Apathy was also significantly associated with a greater likelihood of progressing to death. Work by Cunha and Trinta [23] in Brazil pointed out that 4.6% of patients declared themselves extremely depressed and 35.5% felt unmotivated to perform daily activities, revealing great apathy. This is probably due to persistent arthralgia that usually affects multiple joints causing functional loss, reduced quality of life and symptoms of asthenia, depression, and anxiety [24].

This study detected significant association of chronic kidney disease as a factor that increased the likelihood of death in chikungunya, probably due to a central component of kidney injury. This same finding was observed in other studies, such as that by Brito [25], in which some deaths occur indirectly due to infection mainly resulting from decompensation of previous comorbidities, which include patients with kidney, heart or lung diseases [26]. Comorbidities such as hypertension and diabetes are associated with greater chronicity as well as with worse outcomes or with increased pain severity [17]. It is known that hypertension and diabetes are predictive factors for the progression of kidney disease and that there is decompensation of underlying diseases in patients with CHIKV infection [21,27]. This can be a contributing factor to severe evolution in these patients [17], especially when these comorbidities are decompensated [28].

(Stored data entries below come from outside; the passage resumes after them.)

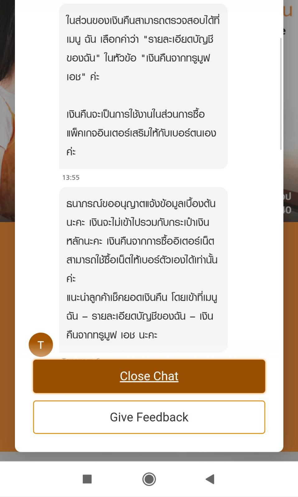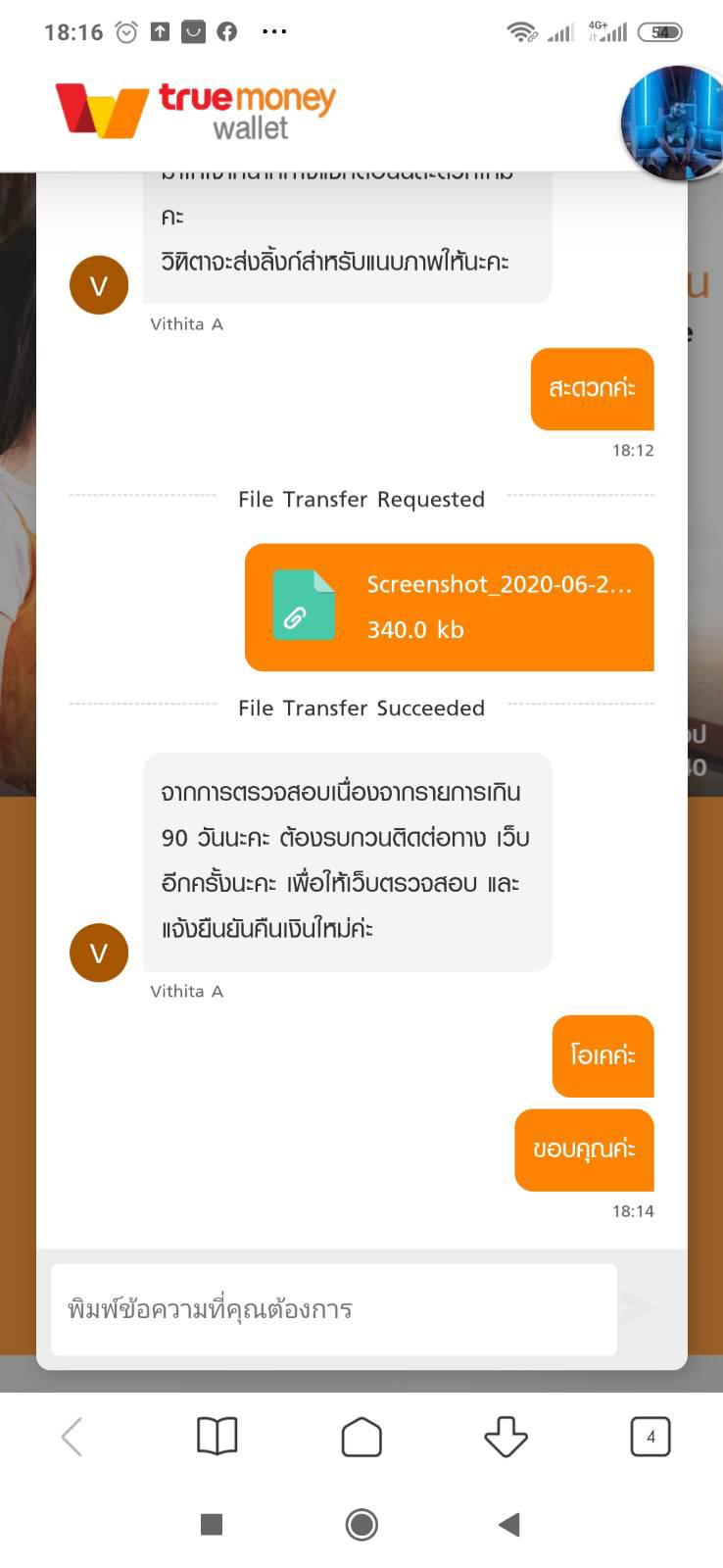 ในวันที่2กรกฎาคม2563 เราได้ไปคุยเรื่องการคืนเงินที่ศูนย์ทรูแต่ทางนั้นบอกว่าให้คุยทางหน้าเว็บไซต์เราจึงได้มาคุยทางเว็บไซต์แทน พนักงานได้มีการสอบถามเบอร์โทรเพื่อติดตามผลการคืนเงิน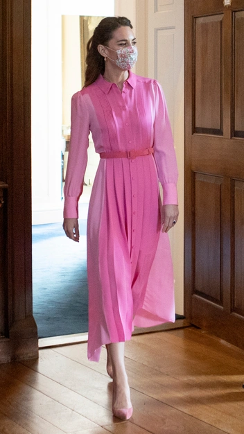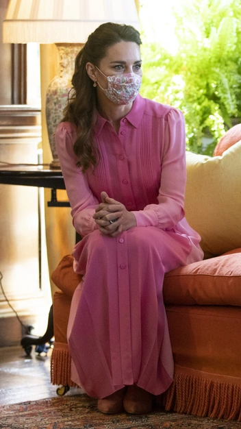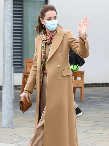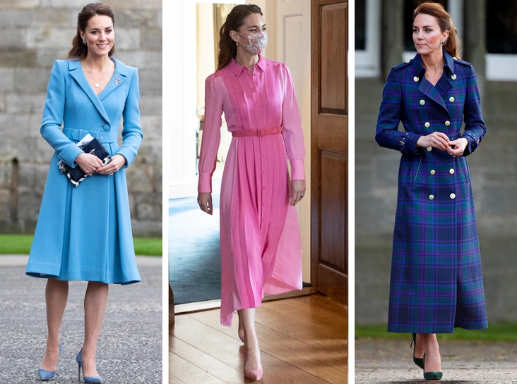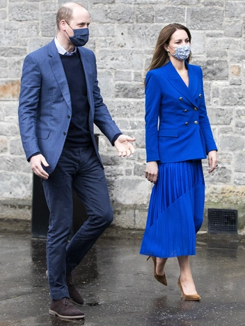 Первый выход герцогини Кембриджской в Шотландии заслужил сравнения со стилем принцессы Уэльской (читайте также: Точь-в-точь: герцогиня Кейт в полной копии образа принцессы Дианы). Кейт прибыла в Престонпанс в комплекте, похожем костюм, но на самом деле составленном из вещей двух разных брендов. В отличие от своей свекрови, также нередко выбиравшей цвет электрик, герцогиня разбавила яркий ансамбль обувью и сумкой из светло-коричневой замши. Также на Кэтрин была маска с синим цветочным принтом — похожие она демонстрировала во время своего предрождественского турне по Соединенному Королевству.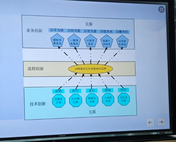 同时建立“五服”支撑,以情报AI服务为基础,实现多维度攻击态势可视化;以一键修复服务为保障,实现自动化补丁管理;以 AI智库服务为支撑,基于128B样本生成应急方案;以数据安全服务为后盾,依托HDFS集群确保秒级恢复;以动态联防服务为驱动,建立整体防御体系。
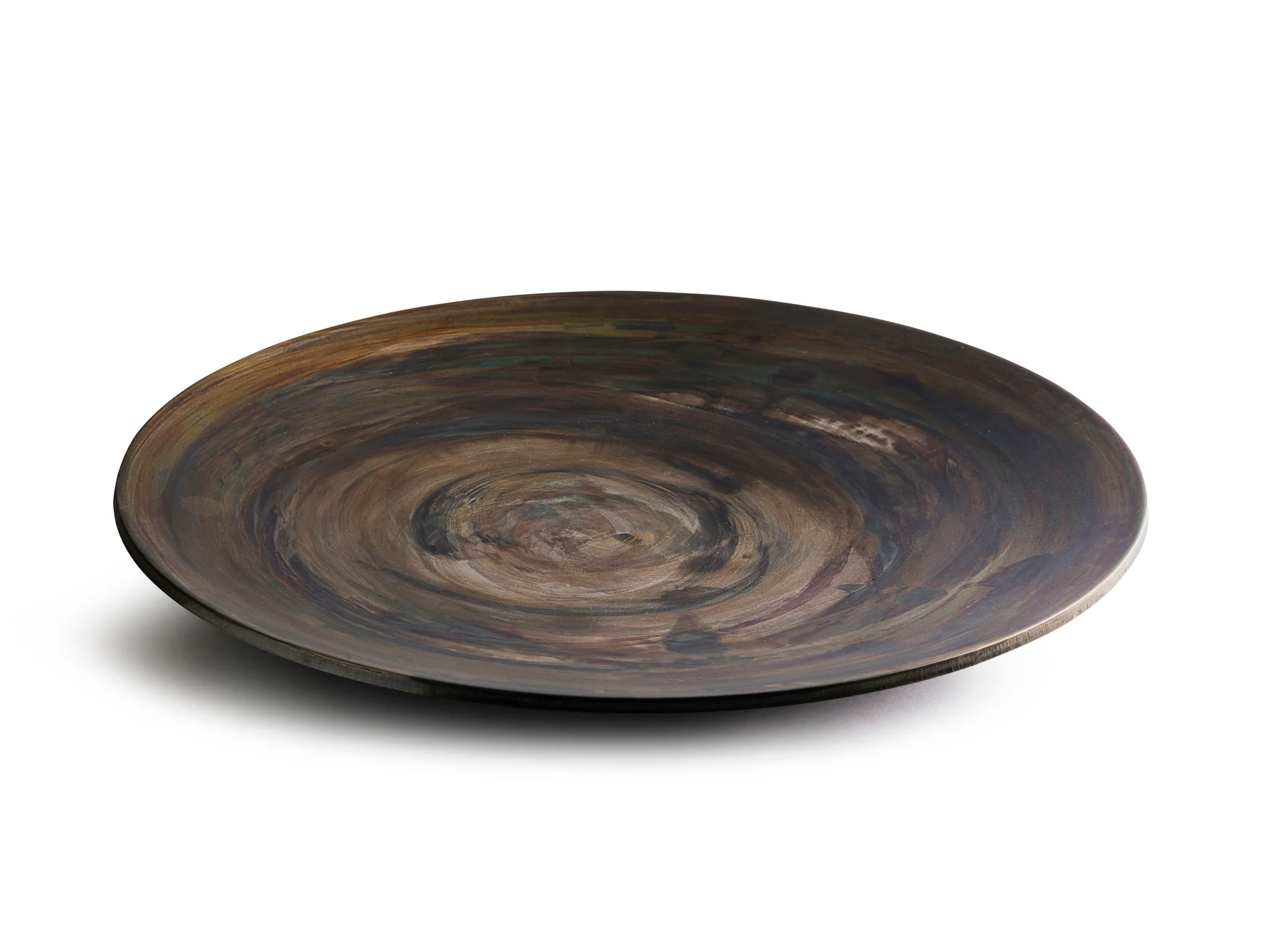 Oggetto dallo stile contemporaneo, perfetto da mettere su un tavolo o una credenza, questo superbo piatto decorativo è sapientemente brunito seguendo la sua naturale concavità. Lo spessore ed il peso importante lo rendono ancora più solido e concreto, un oggetto che non si può non notare. Disegni sorprendenti e astratti, “dipinti a mano” con ossidazione, rivelano un’estetica vibrante e sofisticata.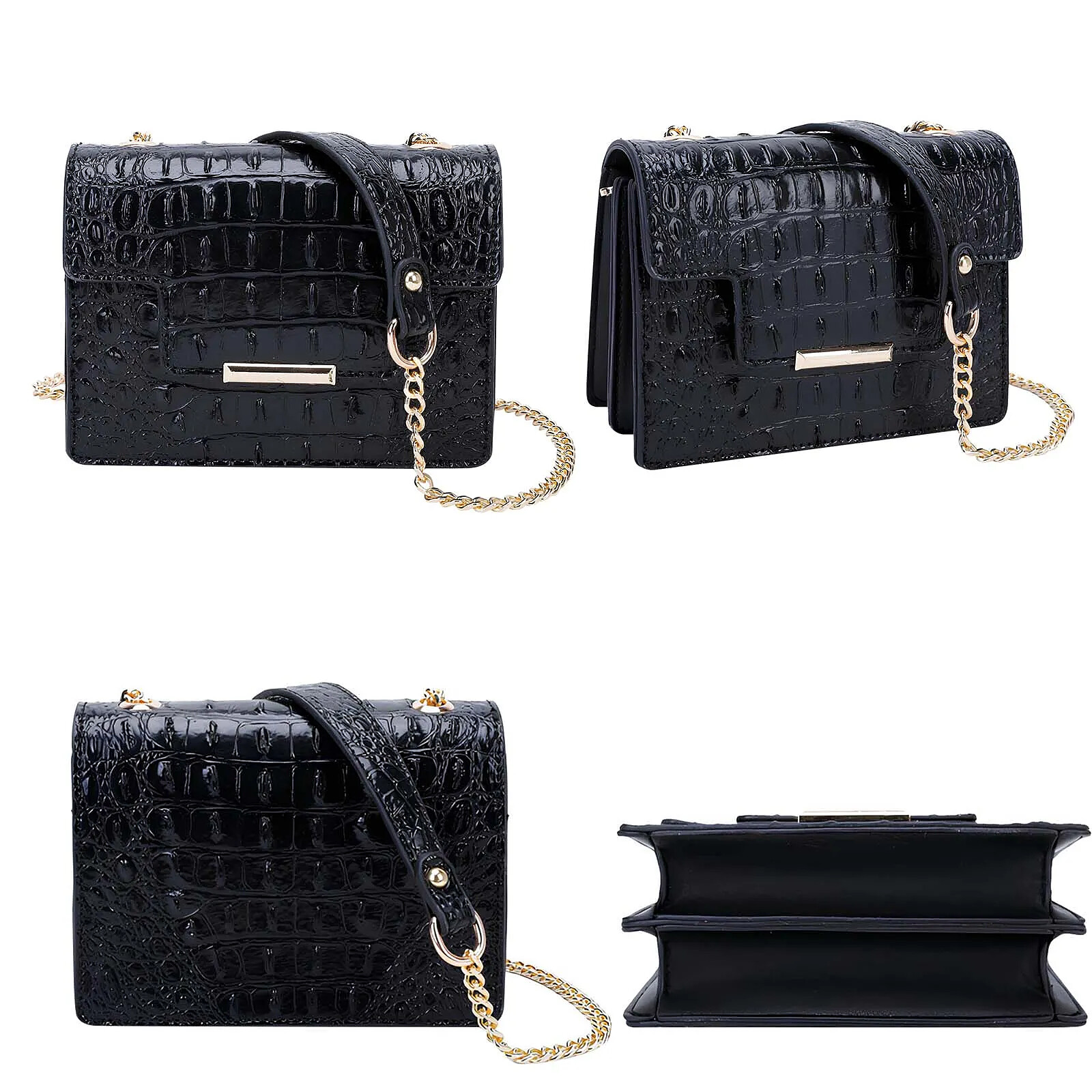 Ce sac bandoulière noir effet croco vernis présente une taille compacte adaptée aux sorties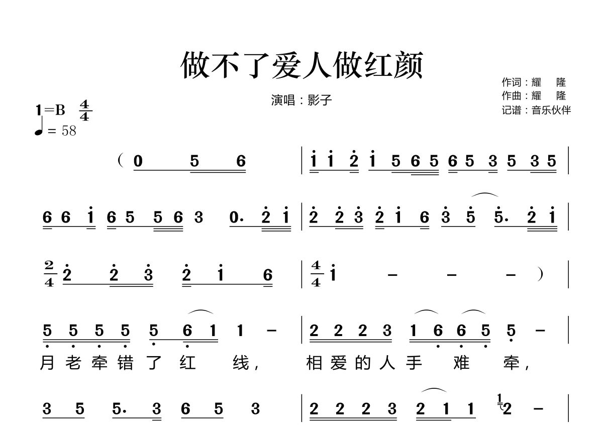 做不了爱人做红颜简谱 - 影子演唱
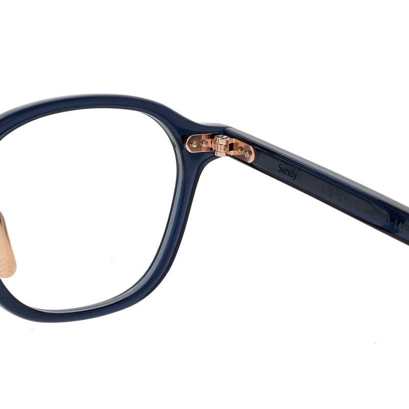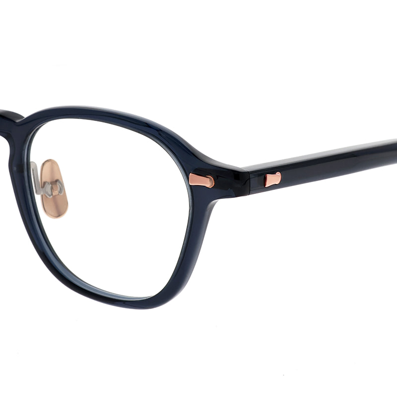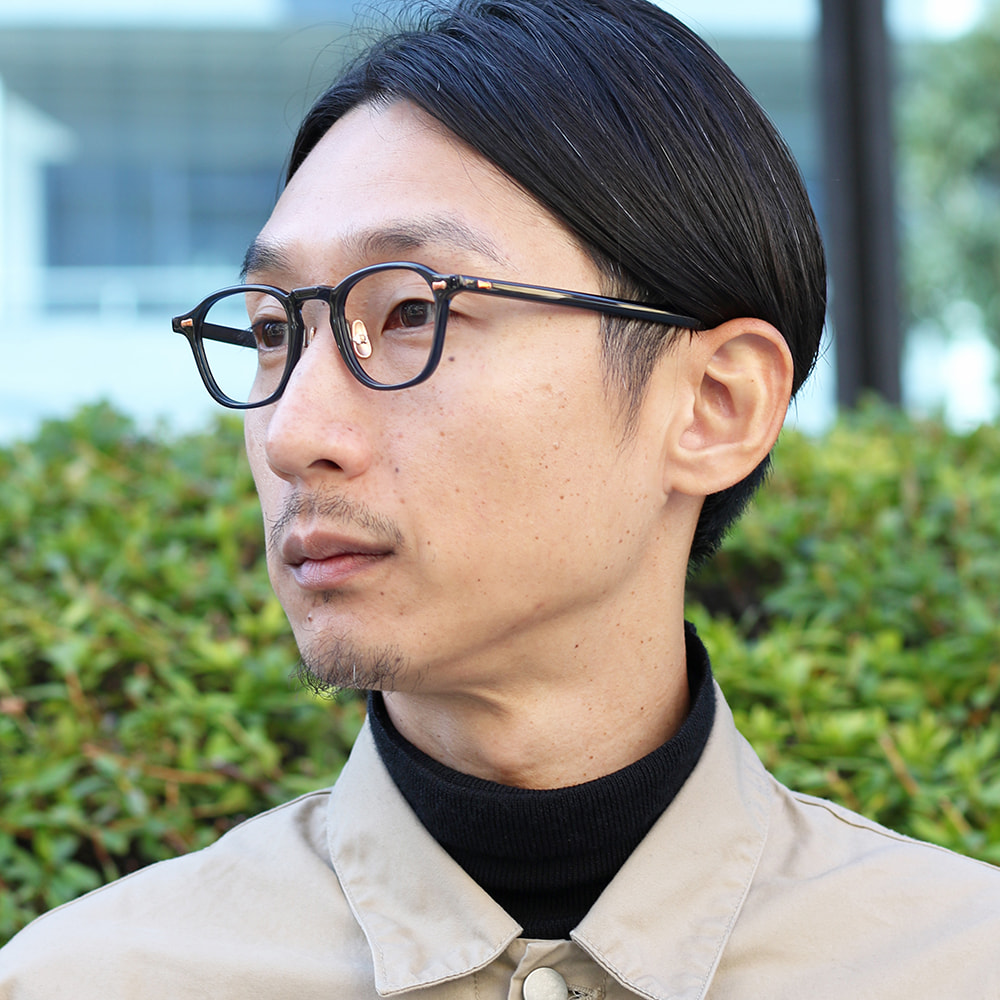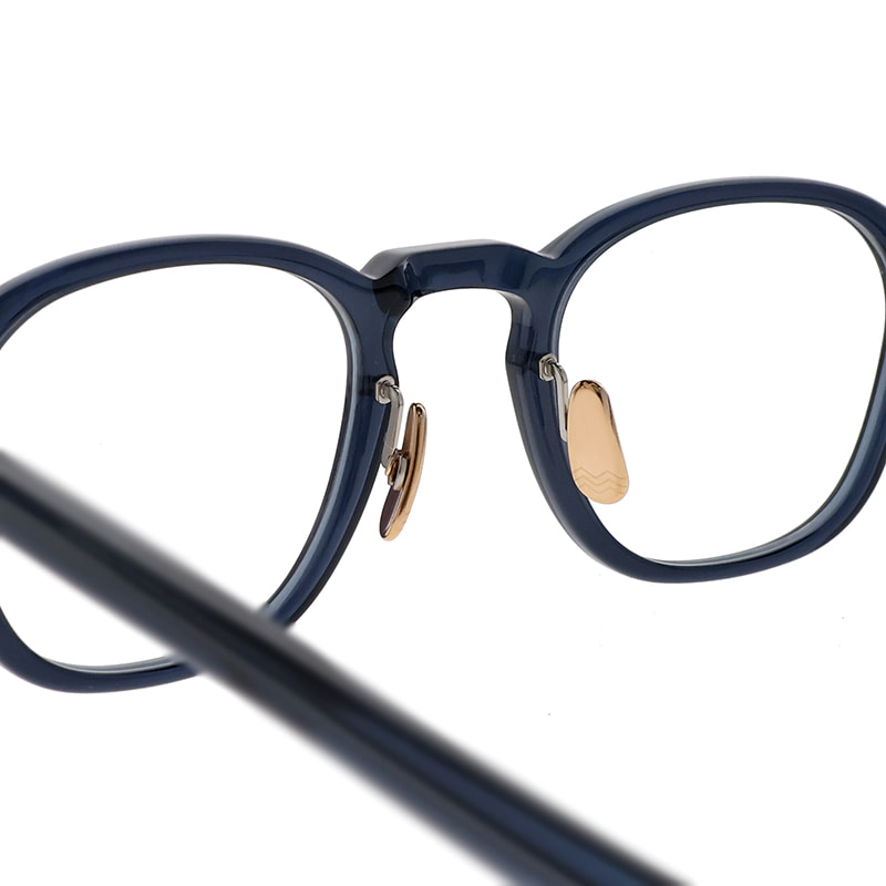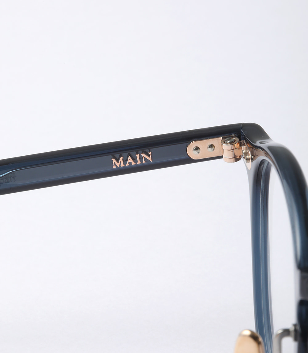 カシメ飾りに使用する金属パーツに合わせて、丁番、チタンノーズパッド、ブランドロゴまでを同じカラーに仕上げています。アセテート生地と金属のカラーリングによる多彩な組み合わせはMAINの魅力のひとつ。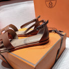 • Material: Sandal in Clafskin with straight cut edges, "H" cut-out detail and thin ankle strap.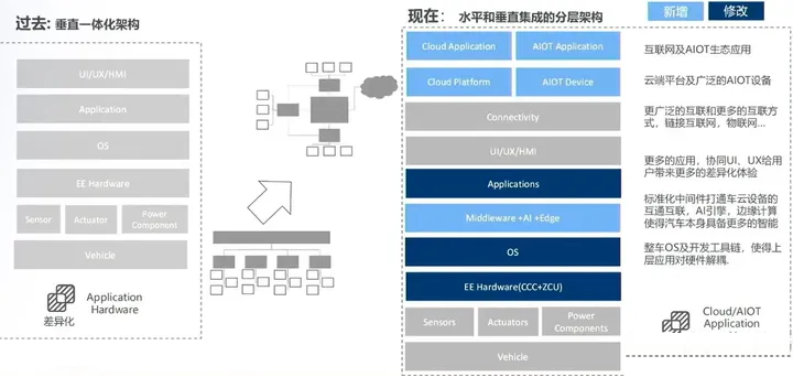 今天的电子电气架构相对于以往发生了重要变化,首先相对于以往分布式架构中众多计算资源有限的ECU而言,新的架构引入了高性能计算单元HPC,同时车辆不再是封闭的系统,而是整个IoT(物联网)的一部分,另外在车辆软件层面,在传统Classic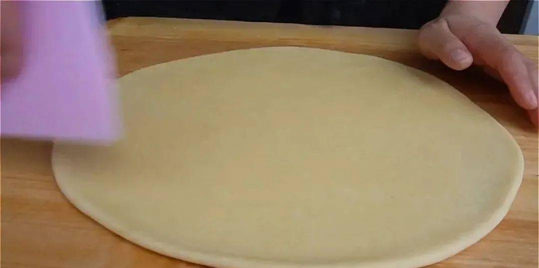 3.時間到瞭,不用再揉瞭,直接移到案板上,用搟面杖搟成厚度0.2毫米左右的片。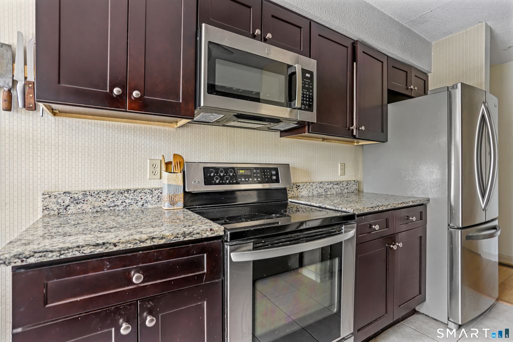 Conveniently located in Hamden with direct access to the Farmington Canal Trail, this ranch condo offers easy living with exceptional access to Yale University, Quinnipiac University, and downtown New Haven. Close to shopping, dining, Yale, Quinnipiac, parks, trails, and the Merritt Parkway. The interior features an updated eat-in kitchen with granite countertops and stainless steel appliances, along with a bright living room offering access to a private balcony. The spacious bedroom includes a walk-in closet. An in-unit washer and dryer add to everyday convenience, along with additional storage space in the basement. Enjoy a lifestyle where daily errands are within reach-walk via the trail to grocery stores, restaurants, CVS, Home Depot, and more. The complex offers low-maintenance living.

With regard to pre-existing cardiovascular diseases, heart failure, systemic arterial hypertension (SAH) and chronic heart disease were recognized in the study as factors associated with death from chikungunya. This observation is in line with what has been documented by Alvarez et al. [19] who identified that patients with cardiovascular comorbidities showed faster deterioration and worse prognosis. It should be added that as recorded in the work of Azevedo, Oliveira & Vasconcelos [29], chikungunya can still present cardiac alterations, especially myocarditis, pericarditis, and dilated cardiomyopathy. One of the explanations for this cardiovascular impairment is the possible cardiac tropism of CHIKV, which upon penetrating myocytes generates direct damage to muscle fibers, culminating in an inflammatory response which results in damage to cardiac tissue and necrosis [19,30].

In this study, itching and retro-orbital pain were considered protective factors against death from chikungunya. Retro-orbital pain is a symptom reported in other cases [31]. This finding is justified because both symptoms are self-limiting occurring in the acute phase of the disease and lasting approximately 1 week when IgM anti-CHIKV antibodies appear [32]. On the other hand, these are symptoms very often reported in patients with dengue or Zika [33] and may be associated with false-positive cases. In addition, according to the study by Caglioti et al. [34], most eye manifestations have a benign course with complete resolution and preservation of vision.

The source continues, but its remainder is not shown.